▸ Directions for this task: The expected output is the full set of entries, printed exactly, without pictures.

Exercise inputs: Begin

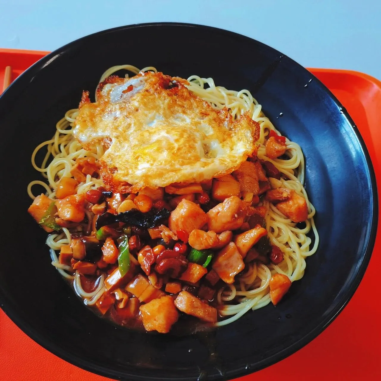 这里提供多样化的菜品,包括辣子鸡套餐、油泼面、土豆粉、东北风味的锅包肉和炸地瓜条、烧烤、石锅拌饭、凉皮凉面等。早餐选择丰富,有酱香饼、酒酿元宵、牛奶燕麦粥和煎饼。
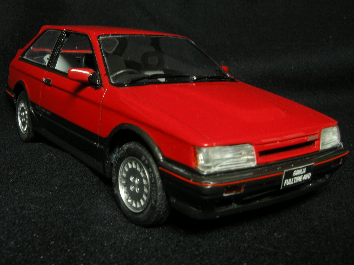 はい、例によって車種換えスクラッチでマツダファミリアGT-X,国産初のフルタイム4WD、と言う事でこちらをフューチャー、そしてモデルカーズでコンテストの常連で車種換えスクラッチの先駆者的存在の方々の中のおふた方で私も密かにファンでした広島県のK兄弟(ネット上と言うことでこちらでもアルファベット表記とさせてくださいませ)の弟氏がかつて製作された作品に同じ条件でフジミのAE86レビンをベースに挑戦してみた次第。
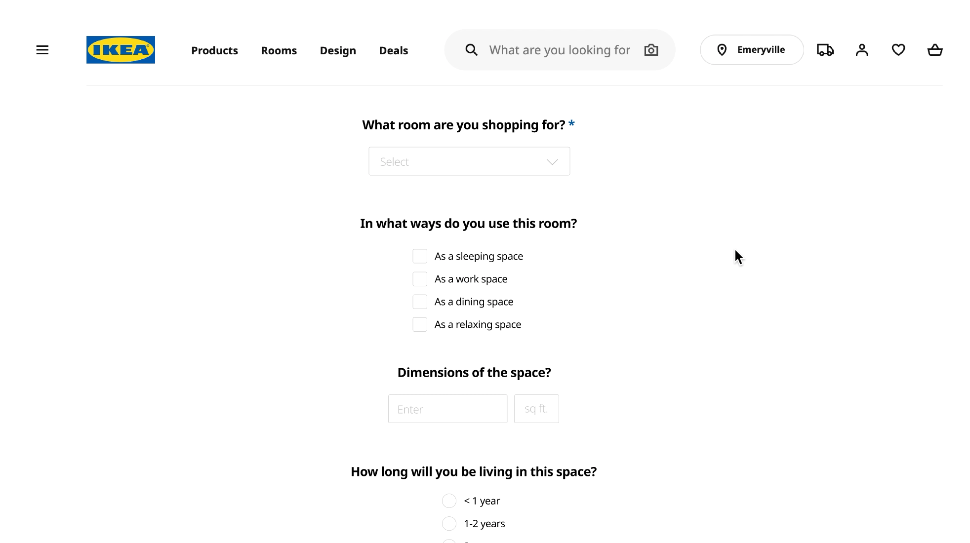 Personalization and customization are strong desire factors for Gen Z. To account for this, users can take a quiz that assesses their shopping motives, living space conditions, and style preferences.
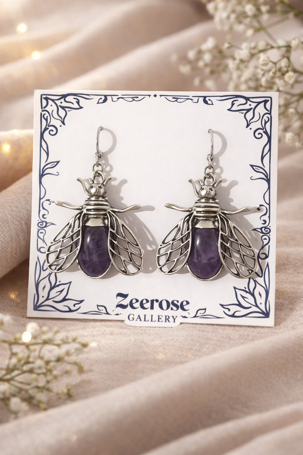 Bee-shaped earrings adorned with a rich purple stone and delicately detailed silver wings. Inspired by nature, this unique design symbolizes wisdom, balance, and spiritual energy, adding a mysterious and elegant touch to any look.
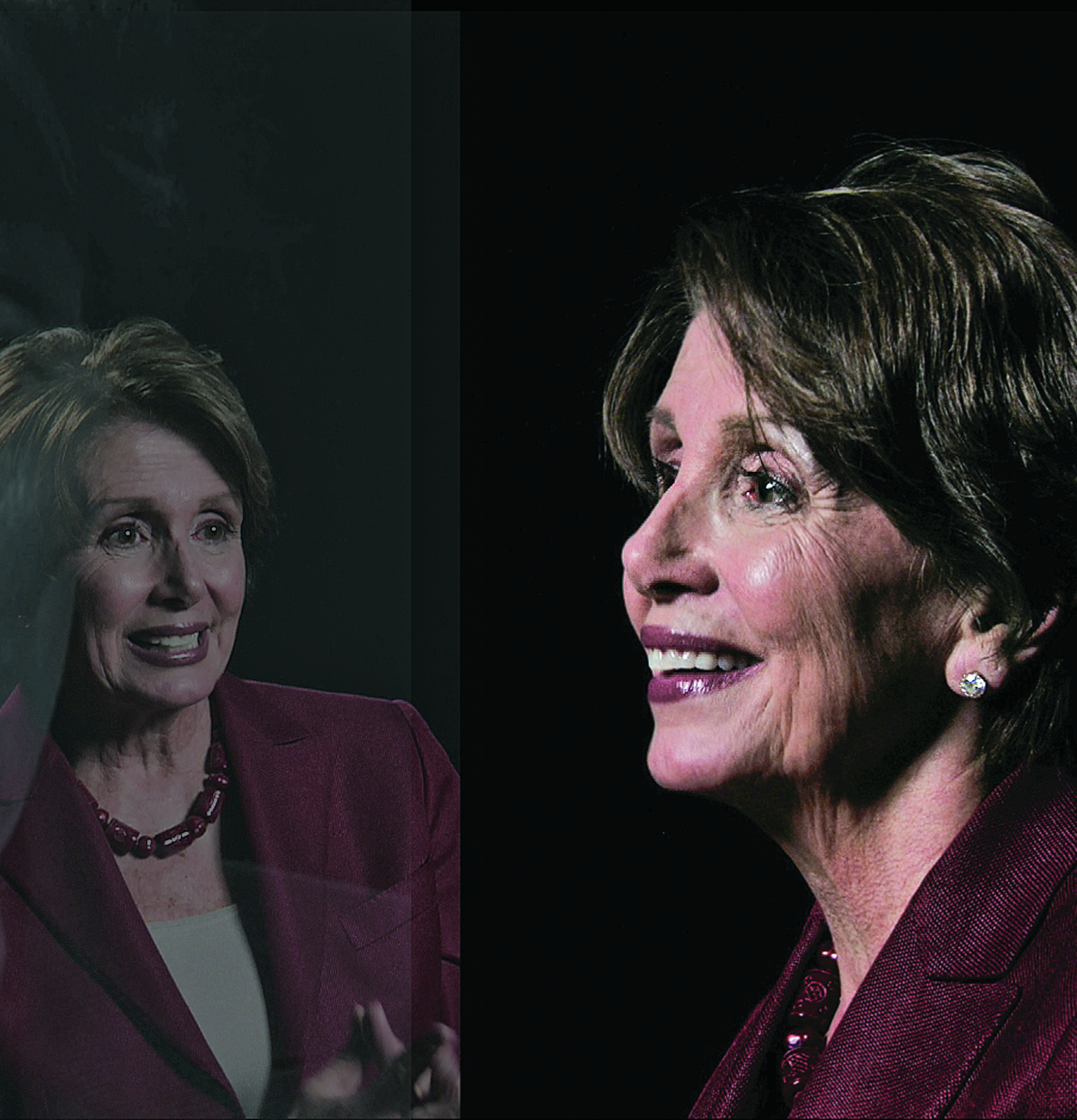 This is Rep. Nancy Pelosi, (D-Calif.) in a still from “The Network,” an innovative group portrait by the artist Lincoln Schatz.
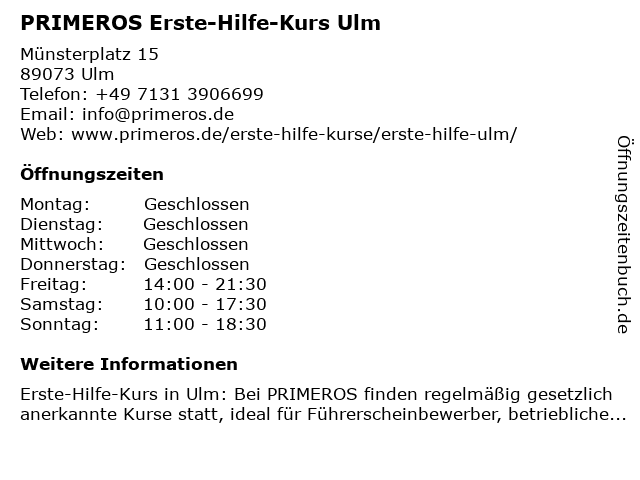 | Öffnungszeiten PRIMEROS Erste-Hilfe-Kurs Ulm in Ulm anzeigen | |
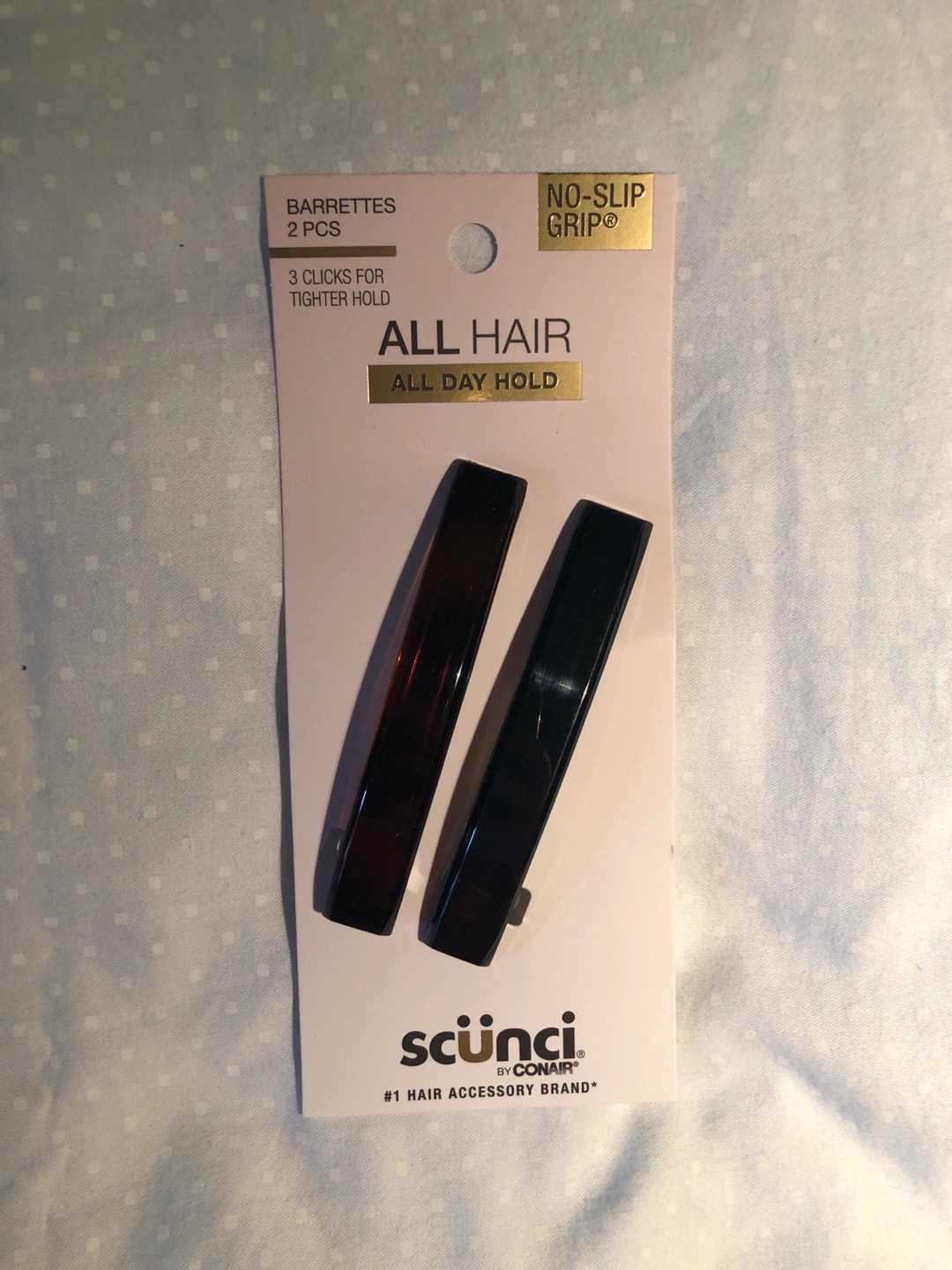 One brown and one black Scunci No-Slip Grip hair barrettes. Three clicks for a tighter hold. All day hold.

Exercise inputs: End

▸ Result of this task:
 这里提供多样化的菜品,包括辣子鸡套餐、油泼面、土豆粉、东北风味的锅包肉和炸地瓜条、烧烤、石锅拌饭、凉皮凉面等。早餐选择丰富,有酱香饼、酒酿元宵、牛奶燕麦粥和煎饼。
 はい、例によって車種換えスクラッチでマツダファミリアGT-X,国産初のフルタイム4WD、と言う事でこちらをフューチャー、そしてモデルカーズでコンテストの常連で車種換えスクラッチの先駆者的存在の方々の中のおふた方で私も密かにファンでした広島県のK兄弟(ネット上と言うことでこちらでもアルファベット表記とさせてくださいませ)の弟氏がかつて製作された作品に同じ条件でフジミのAE86レビンをベースに挑戦してみた次第。
 Personalization and customization are strong desire factors for Gen Z. To account for this, users can take a quiz that assesses their shopping motives, living space conditions, and style preferences.
 Bee-shaped earrings adorned with a rich purple stone and delicately detailed silver wings. Inspired by nature, this unique design symbolizes wisdom, balance, and spiritual energy, adding a mysterious and elegant touch to any look.
 This is Rep. Nancy Pelosi, (D-Calif.) in a still from “The Network,” an innovative group portrait by the artist Lincoln Schatz.
 | Öffnungszeiten PRIMEROS Erste-Hilfe-Kurs Ulm in Ulm anzeigen | |
 One brown and one black Scunci No-Slip Grip hair barrettes. Three clicks for a tighter hold. All day hold.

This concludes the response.